Say good-bye to trans fat
Trans fat is starting its three-year farewell forever tour.
That’s good news for your heart.
The U.S. Food and Drug Administration finally announced recently that it was removing trans fat from its "generally recognized as safe'' list, and companies would need to reformulate products within three years or go through a process to prove they shouldn't have to.
Consumers today are more aware of the scientific link between trans fat and heart disease.
Trans fat is created by taking a liquid, plant-based fat and adding hydrogen at high temperatures to create a solid fat which will be stable and won't turn rancid. It also can improve texture and taste, and was popular in baked goods, snacks and frozen foods.
The FDA has required labeling trans fats since 2006, and customers have generally shied away from using them, though there was an exception from the labeling requirements for products with less than one-half gram of trans fat. Some meat and dairy products also have a small amount of naturally occurring trans fat.

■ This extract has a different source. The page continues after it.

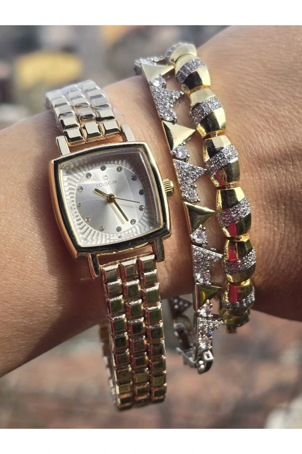 Vintage Model Kare içi taşlı, marka muadili bir kadın kol saati, şıklığı ve zarafetiyle dikkat çekiyor.; Altın ve gümüş renk seçenekleriyle sunulan bu saat, çelik kordon ve taş detaylarıyla CEO uyumlu bir aksesuar olarak öne çıkıyor.; Hem iş dünyasında hem de özel günlerin saklandığı zarif bir seçenek sunuyor.; Kare tasarımı ve taşlı detayları, klasik bir görsellik ile modern dokunuşları birleştiriyor.; Hem fonksiyonel hem de şık bir tercih olan bu model, stilinize modern ve şik bir görünüm kazandırıyor.

Replacement options include plant oils that were modified to be more stable or that have antioxidants added. Other companies are using animal fats like lard and butter instead, though the saturated fats in those products aren't good for the heart either.
People will have to continue to keep an eye on their fat intake, even when trans fat is off the food shelf forever. Health experts say fat has more calories per gram than carbohydrates or protein and should not make up more than 30 percent of a person's daily calorie intake.
In the war on fat intake, this new FDA announcement is good news.